后来天彻底亮了,他又迷迷糊糊睡过去一会儿,再醒来时,尤天白不在了。
某种程度上来说,他现在不在是好事,但又在某种程度上说,他们等下一定会见。
眉骨痛得像是脸着地睡了一晚上,休马抬手按着眉毛,走出房门,闻着新出锅的农家饭香,思索一会儿见面该用什么开场。
他端过屠家嫂子递上的饭碗,用早饭开场?太假。他接过盖帘上掀下来的粘豆包,用庄稼开场?太笨。早饭囫囵下了肚,手里的饭碗也被收走了,尤天白始终没在桌上出现,休马也始终没想好他的所谓开场白。
“你们俩东西都收拾好了吗?”屠家嫂子的话打断了休马关于开场白的思索,他赶忙应了一声,顺道向着屋外看,院子里那几只鸡被放了出来,正在咕咕叫着叨地上的草籽和新芽。
“要是不着急的话多住几天也没事。”大嫂又劝了一句,这句倒是引起了老五的不满,他捧着饭碗嘟嘟囔囔:
“你在家干活又不懂挣钱养家的难,人家工作忙着呢!”
惹什么都别惹在家操劳的东北女人,大嫂一个惊起,劈头盖脸地向她家男人骂去,把老五吼得节节败退,两人在饭桌边你来我往打着转儿,最后消失在了厨房的门帘后,老七已经见怪不怪了,把最后的几口饭扒拉到嘴里,撂下饭碗问休马:“我送你出去?”

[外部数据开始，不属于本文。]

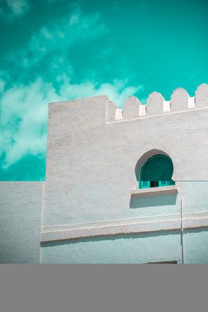 White-blue city of Sidi Bou Said, Tunisia. Eastern fairy tale with a French charm. View of an old historic building, Sidi Bou Said Carthage, Tunisia.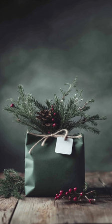 Christmas gift bag with evergreen branches and red berries on wooden table, background with copy space, AI Generated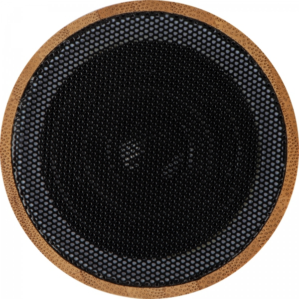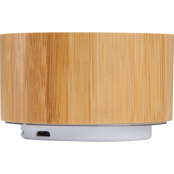 Głośnik Bluetooth z powłoką bambusową, podświetleniem od spodu, gniazdem na kartę i kablem do ładowania.
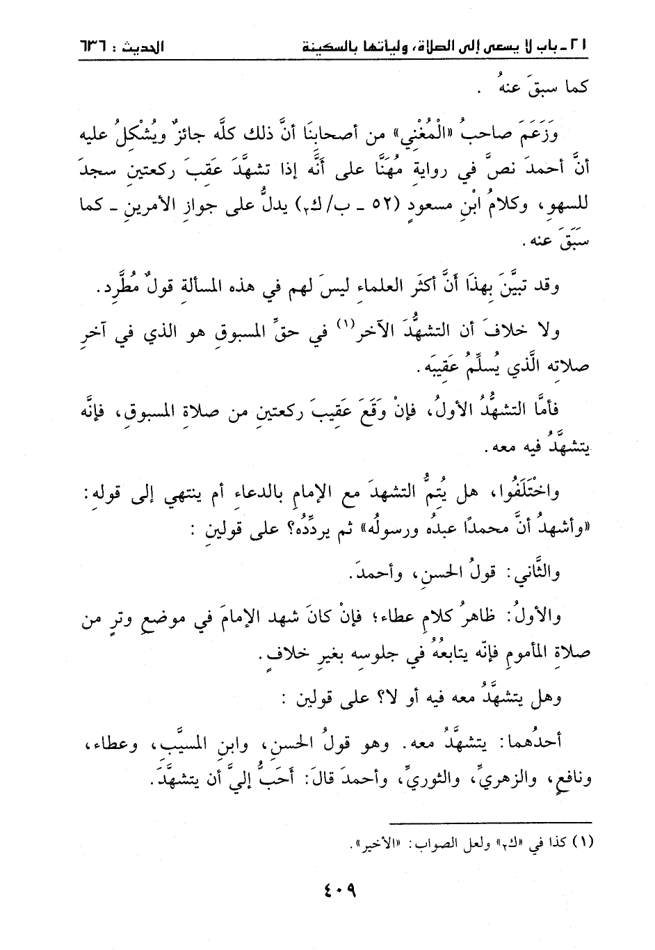 ولا خلاف أن التشهد الأخر في حق المسبوق هو الذي في آخر صلاته، الذي يسلم عقيبه، فأماالتشهد الأول، فإن وقع عقيب ركعتين من صلاة المسبوق، فإنه يتشهد فيه معه.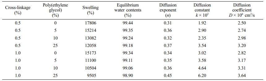 Table 1 shows the swelling percentage, equilibrium water contents percentage, diffusion exponent (n), diffusion constant (k), and diffusion coefficient (D) of the synthesized hydrogels for 0.5% and 1.0% cross-linkage in the monomers. The swelling percentage shows the total water uptake by the hydrogels, whereas the equilibrium water content percentage is the ratio of the water to the polymeric hydrogels in the matrix. The results show that the swelling percentage is significantly higher for the case of 0.5% cross-linkage compared to the 1.0% cross-linkage for the same poly(ethylene glycol) content in all the cases compared. The same trend is observed in the case of equilibrium water content percentage though the difference in the values was smaller. The increase in the cross-links makes the copolymer chains less flexible. It reduces the pores size i.e. the distances between cross-links and chains in the copolymer matrix resulting in lesser swelling in water.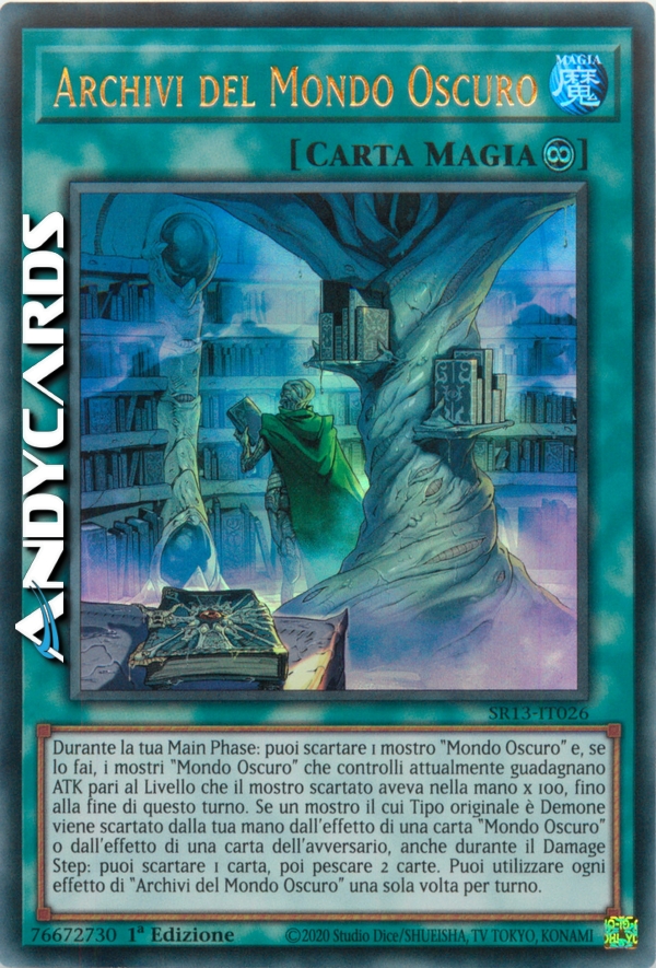 Durante la tua Main Phase: puoi scartare 1 mostro "Mondo Oscuro" e, se lo fai, i mostri "Mondo Oscuro" che controlli attualmente guadagnano ATK pari al Livello che il mostro scartato aveva nella mano x 100, fino alla fine di questo turno. Se un mostro il cui Tipo originale è Demone viene scartato dalla tua mano dall'effetto di una carta "Mondo Oscuro" o dall'effetto di una carta dell'avversario, anche durante il Damage Step: puoi scartare 1 carta, poi pescare 2 carte. Puoi utilizzare ogni effetto di "Archivi del Mondo Oscuro" una sola volta per turno.
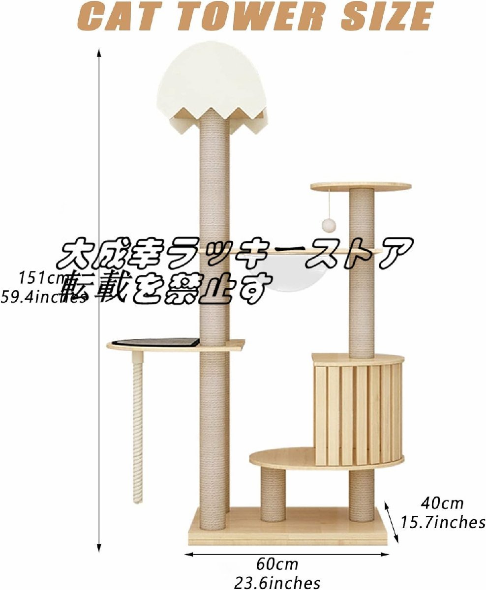 特徴: プラットフォーム、スリング、上部展望デッキ、スペース カプセル、猫のアパート、サイザルの引っ掻きポスト付き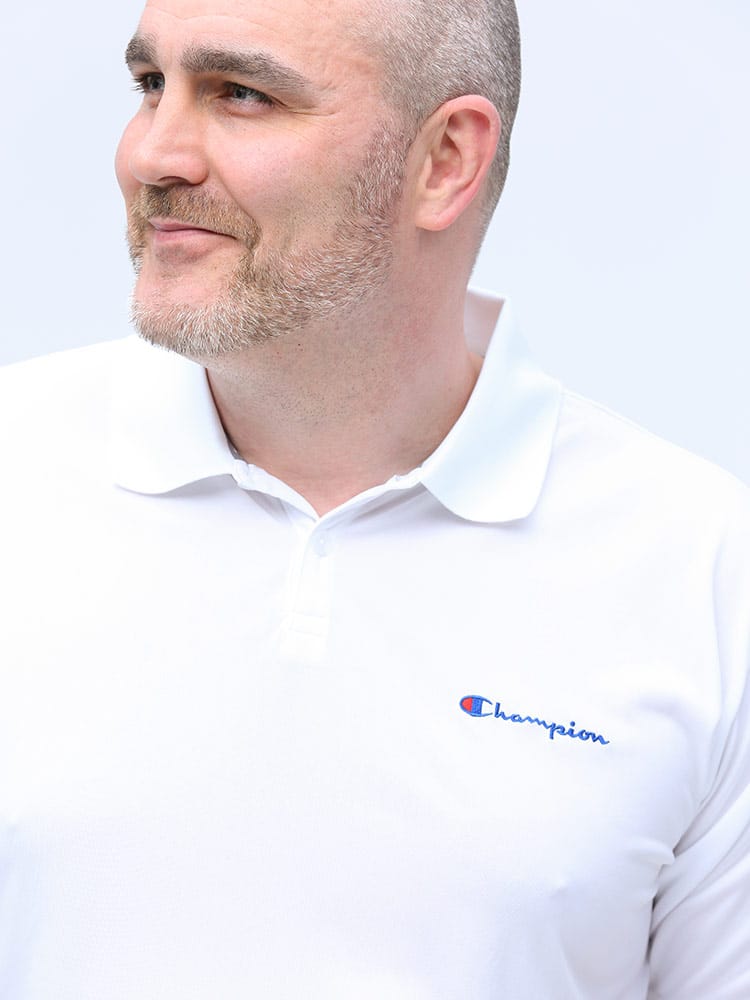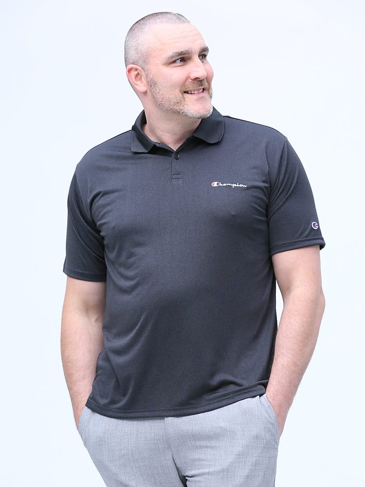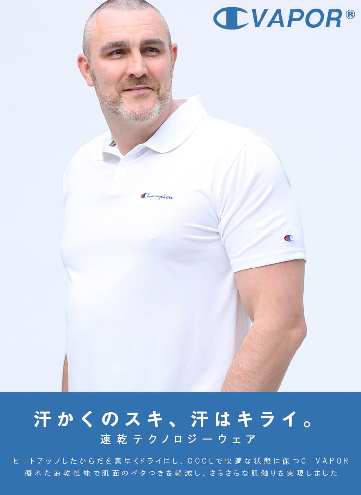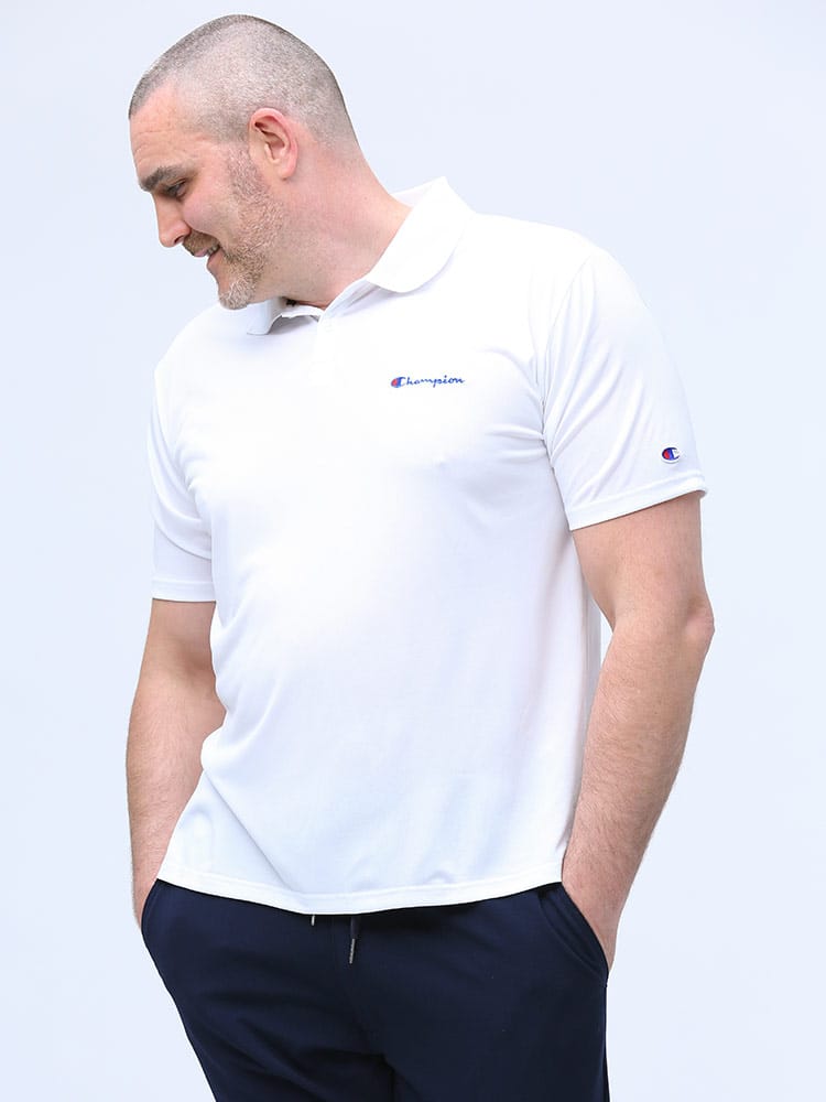 速乾と防臭機能が付いたChampionのロゴ刺繍 半袖 ポロシャツです。ベーシックなデザインに左胸のロゴがポイント。左袖にタグ刺繍。裾サイドにスリット入り。汗ばむ季節に嬉しい速乾と防臭効果で快適な着心地を提供します。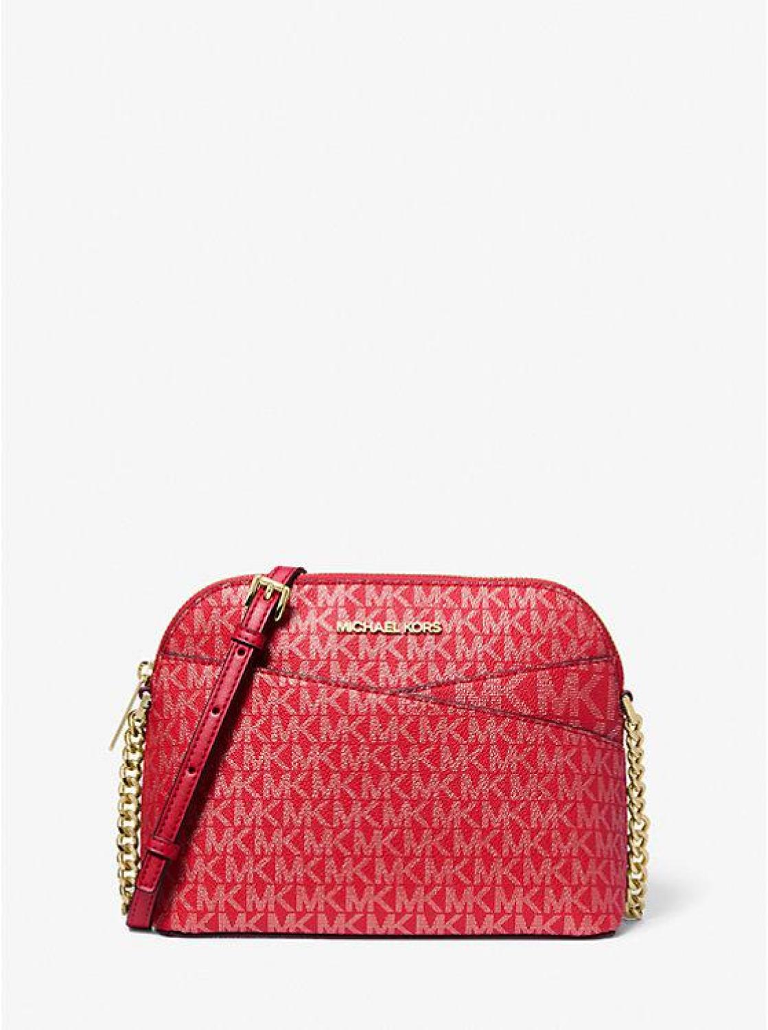 Jet Set Travel Medium Metallic Signature Logo Dome Crossbody Bag

“不用了,”休马从窗边收回了视线,那里没有尤天白的踪影,“我出去找他就好。”
下过雨了,村子里的农民也出来翻地了,院子里的空气挺清新,但味道说不上好闻,泥味、草味、灰尘味,还有今天新鲜增加的鸡粪味,五味杂陈。
休马踩在房檐下的水泥缓步台上,再迈一步就会进到院子里,再走几百步就出了村,下一步会去哪里,他完全不知道——唯一可以预见的就是他又得坐一趟拖拉机,尤天白的宝贝五菱宏光还没修好,正在村尾巴处趴着呢。
他把手放在口袋里,摸到了第一次尤天白把他踹下车时塞给他的铁锅炖优惠券,他意识到这件衣服现在穿厚了,天暖了,应该换薄一点了。